According to Savas Robolis, the head of a labour market research agency operated by Greece’s largest coalition of unions GSEE, Greeks with below average paycheques are taking a double hit. Both the pay cuts and the raised taxes place a disproportionate burden on people who didn’t have much to begin with, he said. “The measures are unfair,” he added.
Because households have less money to spend, consumption will drop, leaving Greece lingering in recession for longer. Robolis predicted it would last until 2015. “Future generations will be burdened with the higher interest rates Greece is now paying on treasury bonds,” he added. The higher tax burden would also lead people to find “new ways of tax evasion” he warned.
Social unrest
Rumour has it that Theodoros Pagalos, the second most powerful man in the governing socialist party, Pasok, has advised the minister of health to hold back on expanding the country’s smoking ban for the time being, because the Greeks “have enough on their hands as it is”.

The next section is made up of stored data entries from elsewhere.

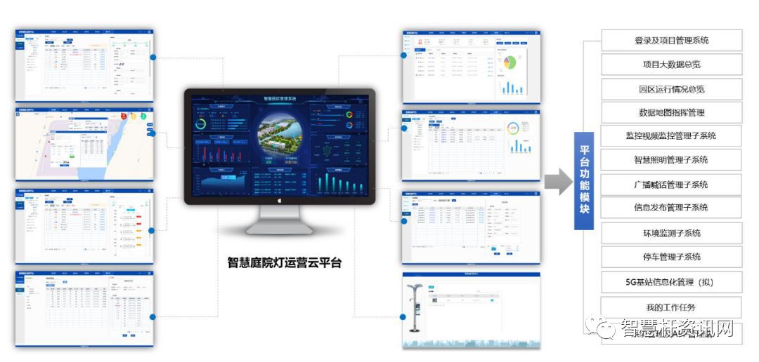 终端硬件(含监控、照明、屏幕、广播、传感器、5G等搭载硬件等)特点及区域应用需求,该运营管理云平台能实现对示范路、社区、公园、产业园区、学校、场区
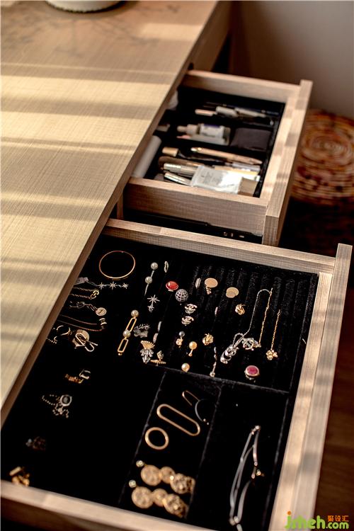 柜子都是現(xiàn)場定制的,完美貼合戶型,桌柜一體,呈現(xiàn)整體統(tǒng)一的視覺享受。柜子之多,方寸之間皆可藏物,令到桌面可保持干凈整潔,無一障礙之物,而打開柜門,卻又能看到充實的一面。
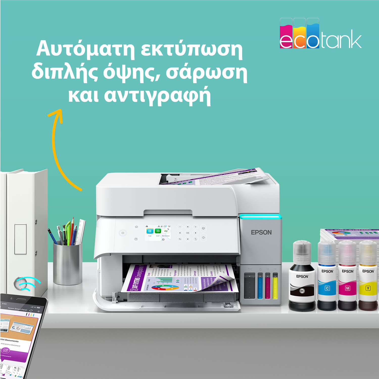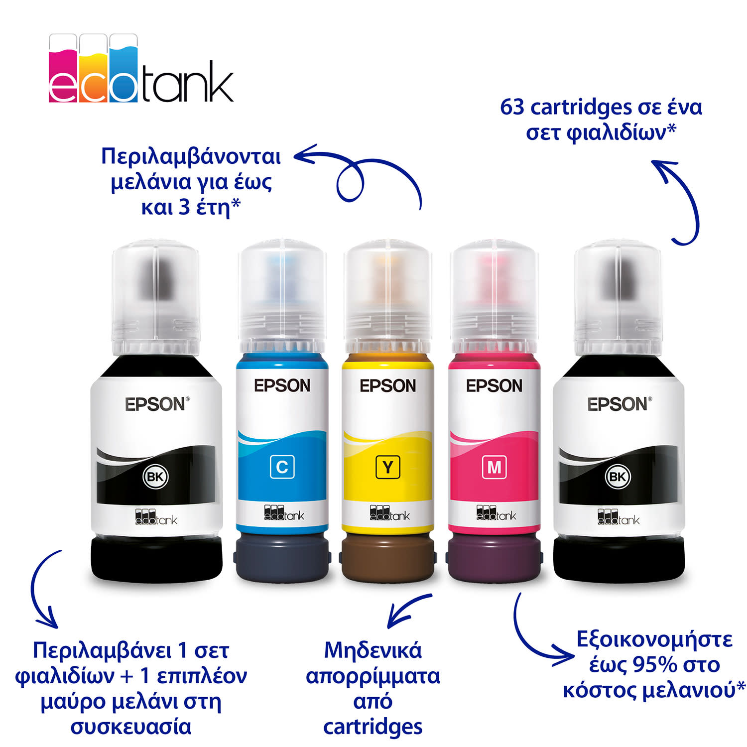 Εξοικονόμησε έως 95% στο κόστος εκτύπωσης με τους πολυλειτουργικούς εκτυπωτές EcoTank της Epson χωρίς φύσιγγες μελανιών. Συμπεριλαμβάνονται φιαλίδια μελανιών υψηλής απόδοσης, ενώ τα ενσωματωμένα δοχεία μελανιών μπορούν να γεμίσουν εύκολα, χάρη στα ειδικά σχεδιασμένα φιαλίδια. Καθώς δεν υπάρχουν φύσιγγες μελανιών που χρειάζονται αντικατάσταση, αυτός είναι ο ιδανικός εκτυπωτής για εκτυπώσεις υψηλής ποιότητας, με απίστευτα χαμηλό κόστος ανά σελίδα.

“It is only a rumour,” grinned Alexandros Karamalikis, the manager of Black Duck, a bar/restaurant/gallery in Athens’ business district, “but it does illustrate the mood well. We have no money, but we do like to go out and have fun, so let us smoke our cigarette in peace.”
In Greece, there is little left to laugh about. When comedian Lazopoulos mentioned the high prices and low pensions, his audience fell silent. “We still laugh,” he later said in his dressing room. “But it sounds hollow. Like the forced laughter at your grandmother’s death bed, used to hide from her the fact she is dying. We do not laugh because we don’t know what’s ailing Greece. We laugh because we do.”